On routing for extending satellite service life in LEO satellite networks

TL;DR: The basic approach is to leverage the deterministic movement of satellites for favoring routing traffic over satellites exposed to the sun as opposed to the eclipsed satellites, thereby decreasing the average battery depth of discharge - all without adversely affecting network performance.

Abstract: We address the problem of routing for extending the service life of satellites in Iridium-like LEO constellations. Satellites in LEO constellations can spend over 30% of their time under the earth's umbra, time during which they are powered by batteries. While the batteries are recharged by solar energy, the depth of discharge they reach during eclipse significantly affects their lifetime — and by extension, the service life of the satellites themselves. For batteries of the type that power Iridium satellites, a 15% increase to the depth of discharge can practically cut their service lives in half. We present two new routing metrics — LASER and SLIM — that try to strike a balance between performance and battery depth of discharge in LEO satellite constellations.

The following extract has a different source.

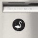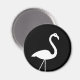 Un flamant blanc vif sur un arrière - plan noir, accentue cet aimant, le rendant amusant et estival.

Our basic approach is to leverage the deterministic movement of satellites for favoring routing traffic over satellites exposed to the sun as opposed to the eclipsed satellites, thereby decreasing the average battery depth of discharge — all without adversely affecting network performance Simulations show that LASER and SLIM can reduce the depth of discharge by about 11% and 16%, respectively, which can lead to as much as 100% increase in the satellite batteries lifetime. This is accomplished by trading off very little in terms of end-to-end delay.